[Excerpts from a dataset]
----------------------------------------

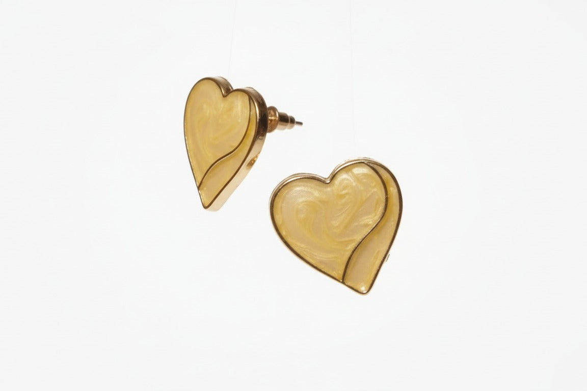 Studs en forma de corazón con acabado esmaltado efecto marmoleado en tono miel/dorado: dulces, luminosos y súper combinables para dar un toque delicado a cualquier look.
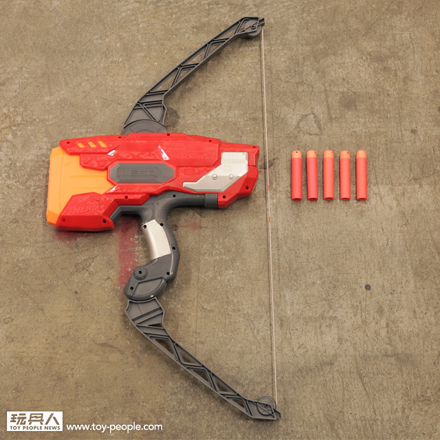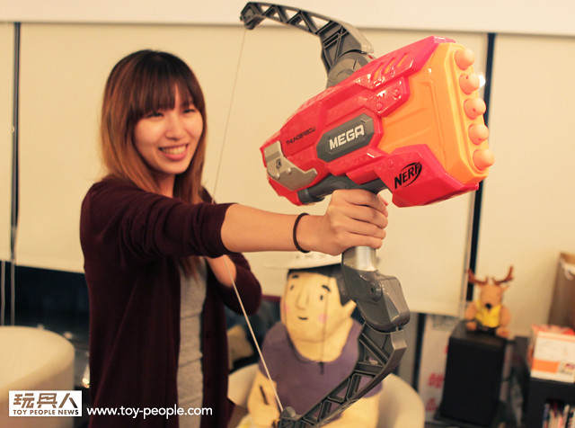 ▼ 真實拉弓感受,射程咻~咻~一下子能達30 公尺!是NERF 巨彈系列中射程最遠、準度最高的武器。除此之外,配備了巨彈哨音子彈為其另一個特殊賣點!
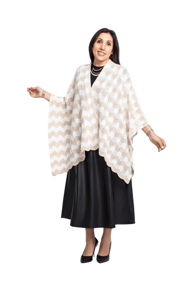 Capa con rallas en dos combinaciones de colores, de textura ligera y envolvente Este tipo de Capa, puede ser utilizada en noches de verano con viento o frio, con vestidos casuales o elegantes y con ropa casual. Debe ser lavada en lavanderia.
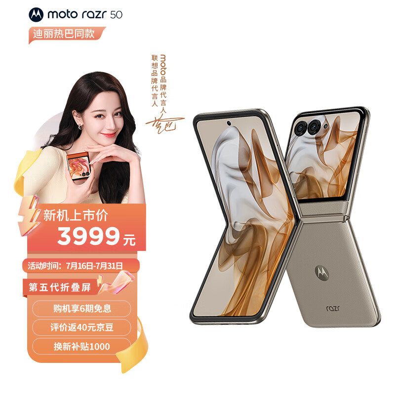 摩托罗拉 联想moto razr 50 3.6英寸大外屏 IPX8抗水 60万次折叠认证 第五代折叠屏 5GAI手机 12+512大象灰价格:3999.00元!
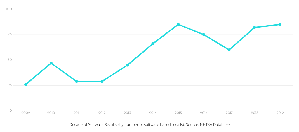 We dug through the latest numbers and analyzed the National Highway Traffic Safety Administration (NHTSA) recall database to shed light on the current state of software related recalls in the US automotive industry and the challenges automakers face.
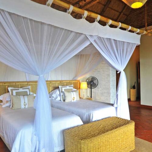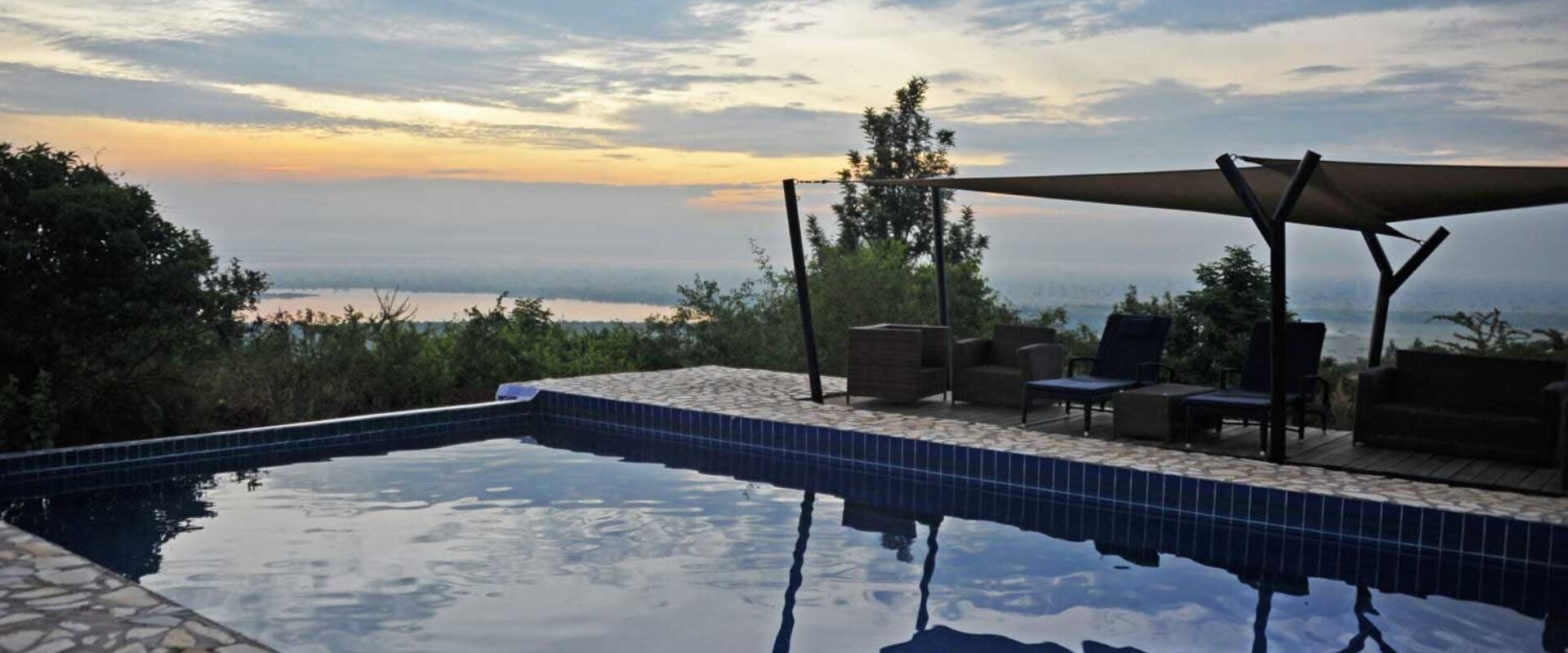 Elephant Plains Lodge er en førsteklasses lodge, der ligger på kanten af Queen Elizabeth National Park, kun 2 km fra Kasese-Kihihi-vejen, hvilket gør den let tilgængelig. Den ligger på en højderyg, hvilket giver gæsterne en spektakulær udsigt over nationalparken, Kazinga-kanalen og de ikoniske Rwenzori-bjerge. Lodgen tilbyder en unik kombination af luksus, komfort og autentiske oplevelser i det vilde Uganda.

----------------------------------------

- **TASK DESCRIPTION**: Only the text of the records above, copied exactly, should be returned; the pictures stay out.

- **EXERCISE SOLUTION**:
 Studs en forma de corazón con acabado esmaltado efecto marmoleado en tono miel/dorado: dulces, luminosos y súper combinables para dar un toque delicado a cualquier look.
 ▼ 真實拉弓感受,射程咻~咻~一下子能達30 公尺!是NERF 巨彈系列中射程最遠、準度最高的武器。除此之外,配備了巨彈哨音子彈為其另一個特殊賣點!
 Capa con rallas en dos combinaciones de colores, de textura ligera y envolvente Este tipo de Capa, puede ser utilizada en noches de verano con viento o frio, con vestidos casuales o elegantes y con ropa casual. Debe ser lavada en lavanderia.
 摩托罗拉 联想moto razr 50 3.6英寸大外屏 IPX8抗水 60万次折叠认证 第五代折叠屏 5GAI手机 12+512大象灰价格:3999.00元!
 We dug through the latest numbers and analyzed the National Highway Traffic Safety Administration (NHTSA) recall database to shed light on the current state of software related recalls in the US automotive industry and the challenges automakers face.
 Elephant Plains Lodge er en førsteklasses lodge, der ligger på kanten af Queen Elizabeth National Park, kun 2 km fra Kasese-Kihihi-vejen, hvilket gør den let tilgængelig. Den ligger på en højderyg, hvilket giver gæsterne en spektakulær udsigt over nationalparken, Kazinga-kanalen og de ikoniske Rwenzori-bjerge. Lodgen tilbyder en unik kombination af luksus, komfort og autentiske oplevelser i det vilde Uganda.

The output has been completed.